数据处理注意事项_处理数据的安全注意事项

数据处理注意事项

介绍 (Introduction)

When working on data projects, scientist/analysts are often focussed on so many different elements that security can easily be forgotten. However, when the security aspect is forgotten it might backfire, big time. Having a security breach can result in many undesirable consequences like loss of data, a hijack of cloud resources, legal problems, hacking, clients leaving and much more.

在进行数据项目时,科学家/分析师通常将重点放在许多不同的元素上,以至于很容易忘记安全性。 但是,如果忘记了安全方面,则可能适得其反,这很重要。 违反安全性可能导致许多不良后果,例如数据丢失,云资源劫持,法律问题,黑客入侵,客户端离开等等。
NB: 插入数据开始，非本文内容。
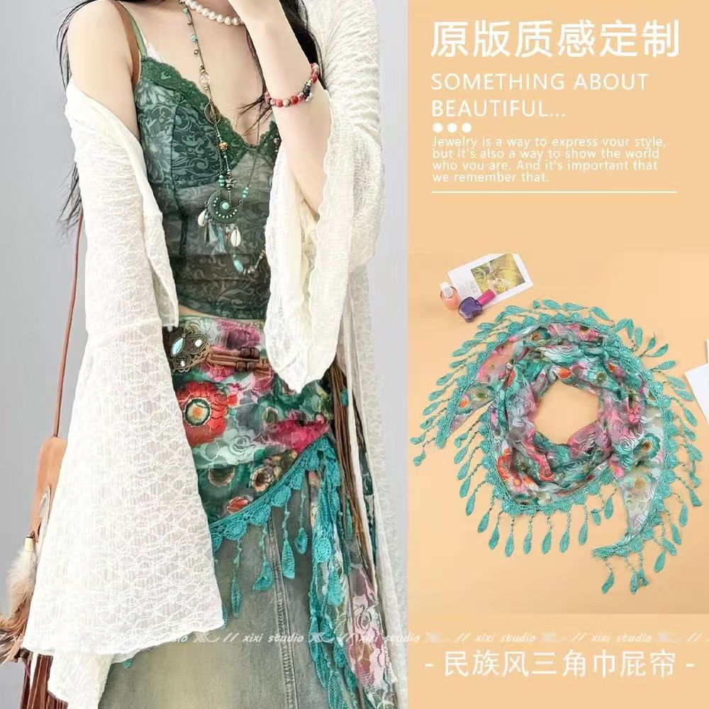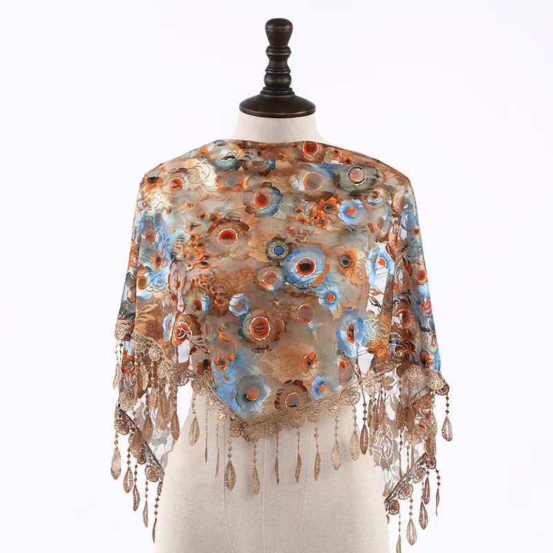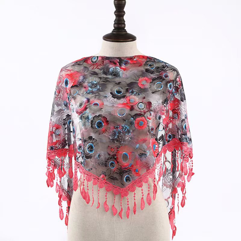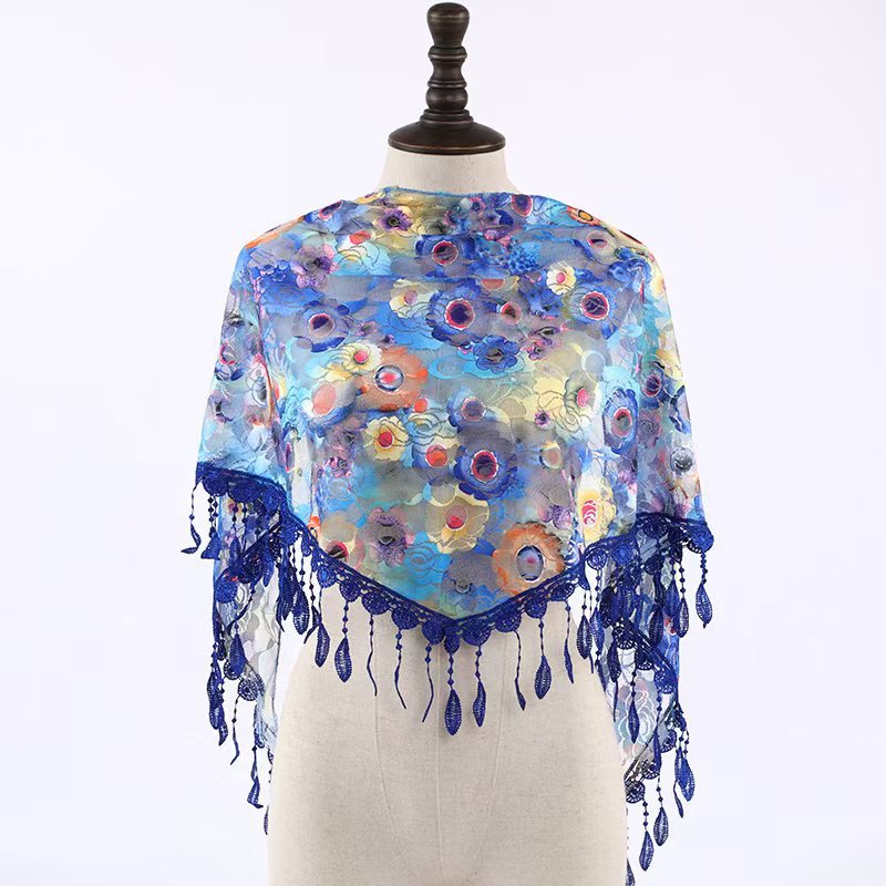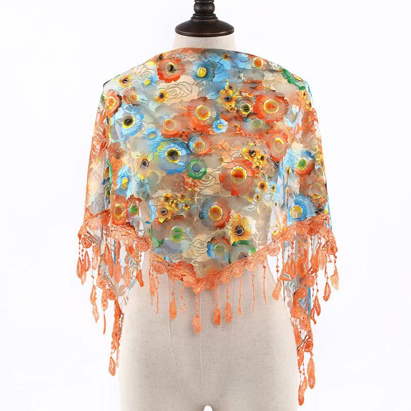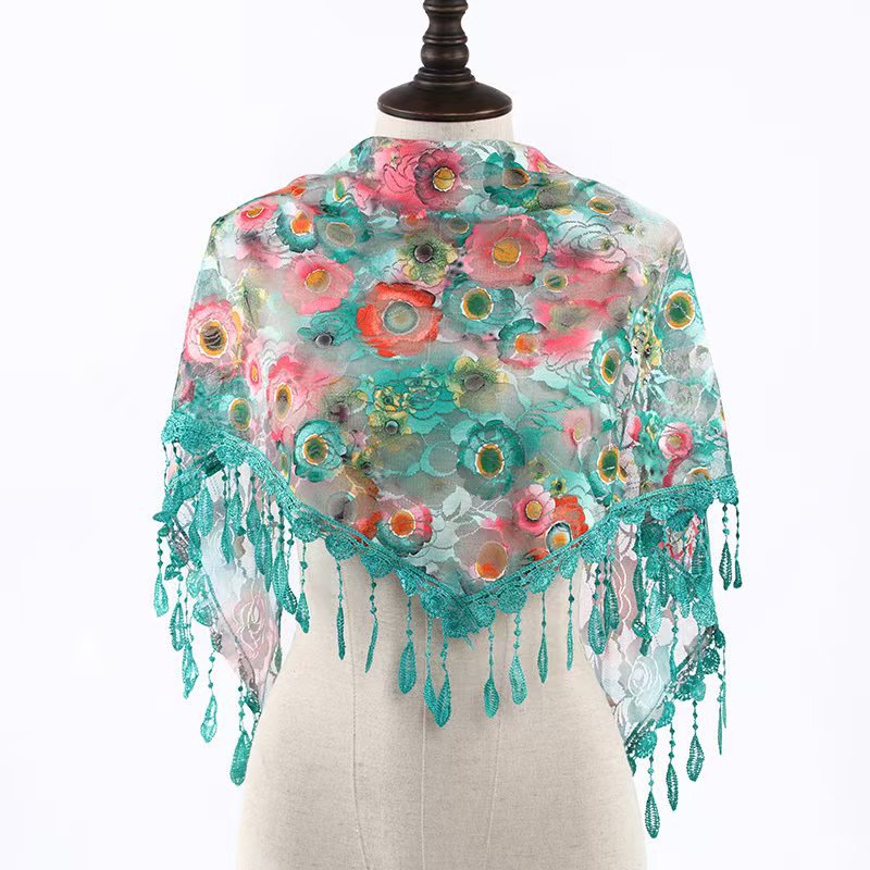 가을 신상품 꽃무늬 레이스 한국식 삼각 스카프 클래식 통기성 중공 여성 삼각 스카프 장식 베일스토어 가기
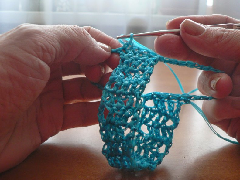 - Процесс вязания должен идти по спирали до тех пор, пока не получится ширина, нужная для индивидуальных размеров.

This all sounds a bit dramatic but luckily, there are very simple steps that one can implement which can already prevent a host of issues. Since I get a lot questions regarding this, I have decided to bundle a few key points into a post.

所有这些听起来都有些戏剧性,但是幸运的是,人们可以执行非常简单的步骤,这些步骤已经可以避免许多问题。 由于对此有很多疑问,因此我决定将一些要点捆绑到一个帖子中。

一些注意事项 (Some Considerations)

始终使用两因素身份验证。 (Always Use Two-Factor Authentication.)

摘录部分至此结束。